To illustrate, I’ll use the standard Order Entry (OE) sample schema.
If I outer join all orders by month for the year 2007 I might use a query like this:
WITH
months
AS
( SELECT ADD_MONTHS(DATE '2007-01-01', LEVEL - 1) month
FROM DUAL
CONNECT BY LEVEL <= 12),
orders_by_month
AS
(SELECT customer_id, TRUNC(order_date, 'mm') order_month, order_id
FROM oe.orders
WHERE order_date >= DATE '2007-01-01' AND order_date < DATE '2008-01-01')
SELECT customer_id, m.month, order_id
FROM months m LEFT JOIN orders_by_month o ON o.order_month = m.month
ORDER BY customer_id, month
Which will produce 70 rows, 69 rows of results for customers that have orders for some months and one null-row for January where no customer placed an order.
CUSTOMER_ID MONTH ORDER_ID
----------- ---------- ----------
101 2007-08-01 2458
101 2007-10-01 2430
102 2007-03-01 2414
102 2007-09-01 2432
102 2007-11-01 2397
103 2007-09-01 2433
103 2007-10-01 2454
104 2007-03-01 2416
104 2007-09-01 2438
105 2007-03-01 2417
105 2007-08-01 2439
107 2007-03-01 2419
107 2007-08-01 2440
107 2007-11-01 2360
108 2007-03-01 2420
108 2007-11-01 2361
109 2007-03-01 2421
109 2007-07-01 2444
109 2007-11-01 2362
116 2007-06-01 2369
116 2007-09-01 2436
116 2007-10-01 2453
116 2007-11-01 2428
117 2007-07-01 2446
117 2007-11-01 2429
118 2007-05-01 2371
118 2007-10-01 2457
119 2007-02-01 2372
122 2007-02-01 2375
123 2007-06-01 2376
141 2007-06-01 2377
142 2007-05-01 2378
143 2007-05-01 2380
144 2007-09-01 2435
144 2007-10-01 2363
144 2007-12-01 2422
145 2007-06-01 2448
145 2007-08-01 2364
145 2007-09-01 2455
145 2007-11-01 2423
146 2007-05-01 2379
146 2007-06-01 2449
146 2007-08-01 2365
146 2007-11-01 2424
147 2007-04-01 2450
147 2007-08-01 2366
147 2007-12-01 2385
148 2007-06-01 2406
148 2007-12-01 2451
148 2007-12-01 2386
149 2007-03-01 2387
149 2007-09-01 2434
149 2007-10-01 2452
149 2007-11-01 2427
150 2007-06-01 2388
152 2007-11-01 2390
154 2007-07-01 2392
157 2007-11-01 2398
158 2007-11-01 2399
159 2007-07-01 2400
160 2007-07-01 2401
161 2007-07-01 2402
162 2007-07-01 2403
163 2007-07-01 2404
164 2007-07-01 2405
165 2007-06-01 2407
166 2007-06-01 2408
167 2007-06-01 2409
169 2007-05-01 2411
2007-01-01
Now let’s add the PARTITION BY clause, so we can see the calendar for each customer.
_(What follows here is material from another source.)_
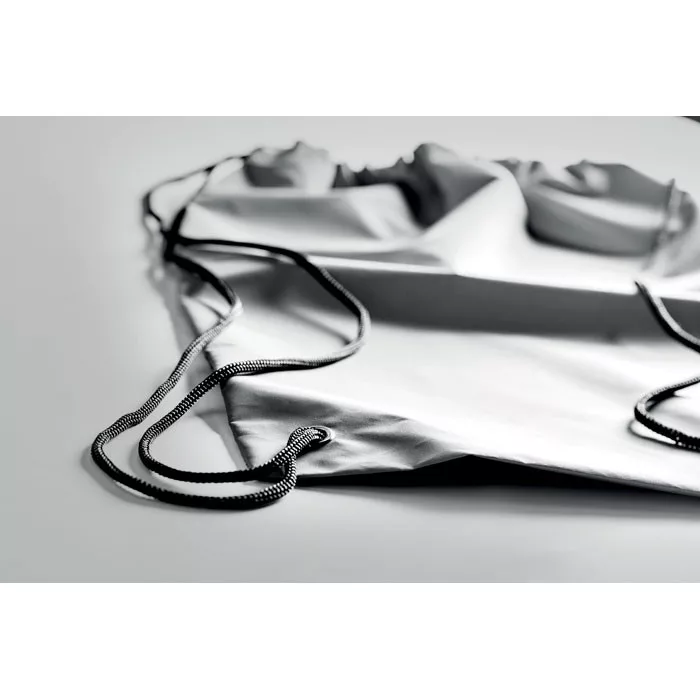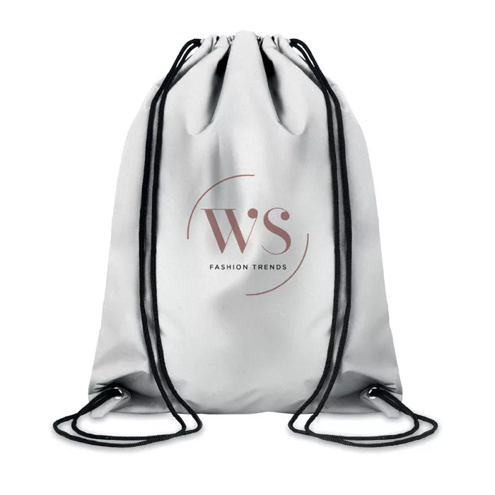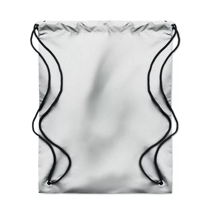 Magas fényvisszaverő képességű poliészterből készült zsinóros tornazsák.

That is, we don’t just want to see January for the entire result set as nulls, we want to see which months for each customer were lacking an order.
WITH
months
AS
( SELECT ADD_MONTHS(DATE '2007-01-01', LEVEL - 1) month
FROM DUAL
CONNECT BY LEVEL <= 12),
orders_by_month
AS
(SELECT customer_id, TRUNC(order_date, 'mm') order_month, order_id
FROM oe.orders
WHERE order_date >= DATE '2007-01-01' AND order_date < DATE '2008-01-01')
SELECT customer_id, m.month, order_id
FROM months m
LEFT JOIN orders_by_month o PARTITION BY (customer_id)
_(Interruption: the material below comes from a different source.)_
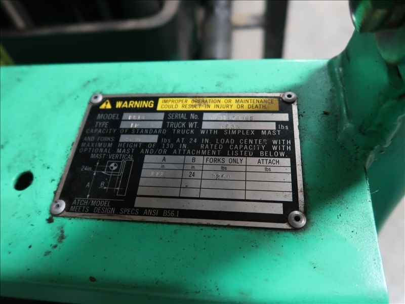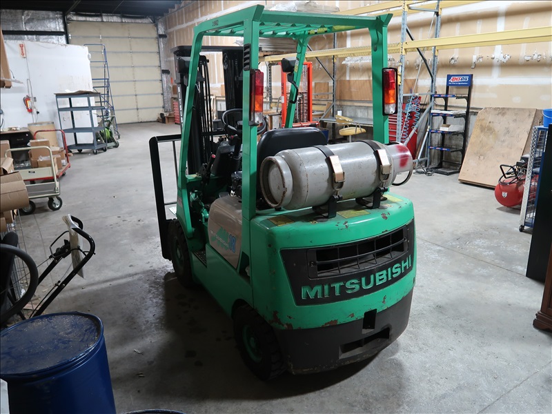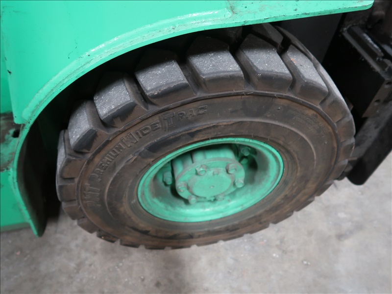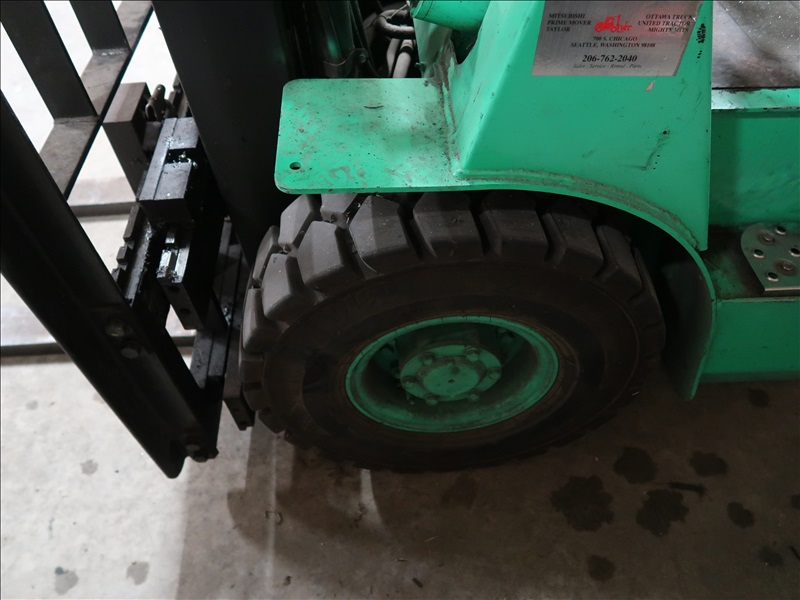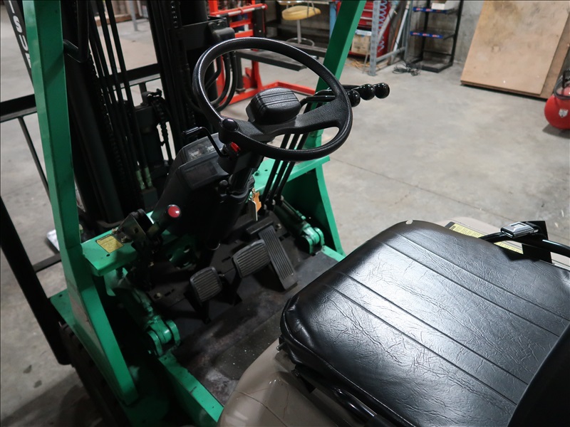 3,500 LB RUBBER TIRE FORKLIFT, PROPANE, SIDE SHIFT, 3-STAGE MAST

ON o.order_month = m.month
ORDER BY customer_id, month
And now we get the 12 months repeated for each customer and if there are no orders for a month, we get a null row for that customer for that month. The query produces 457 rows, I have abbreviated the output below to just the first 4 customers.
CUSTOMER_ID MONTH ORDER_ID
----------- ---------- ----------
101 2007-01-01
101 2007-02-01
101 2007-03-01
101 2007-04-01
101 2007-05-01
101 2007-06-01
101 2007-07-01
101 2007-08-01 2458
101 2007-09-01
101 2007-10-01 2430
101 2007-11-01
101 2007-12-01
102 2007-01-01
102 2007-02-01
102 2007-03-01 2414
102 2007-04-01
102 2007-05-01
102 2007-06-01
102 2007-07-01
102 2007-08-01
102 2007-09-01 2432
102 2007-10-01
102 2007-11-01 2397
102 2007-12-01
103 2007-01-01
103 2007-02-01
103 2007-03-01
103 2007-04-01
103 2007-05-01
103 2007-06-01
103 2007-07-01
103 2007-08-01
103 2007-09-01 2433
103 2007-10-01 2454
103 2007-11-01
103 2007-12-01
104 2007-01-01
104 2007-02-01
104 2007-03-01 2416
104 2007-04-01
104 2007-05-01
104 2007-06-01
104 2007-07-01
104 2007-08-01
104 2007-09-01 2438
104 2007-10-01
104 2007-11-01
104 2007-12-01
...
While partitioned outer joins aren’t something I expect to use often; I will try to keep my eye out for opportunities to use them. I’m sure sometime in the past 15 years I’ve probably written a query using multiple self-joins and/or joins to additional tables to produce the same functionality… another tool for my toolbox.
Questions and comments, as always, are welcome.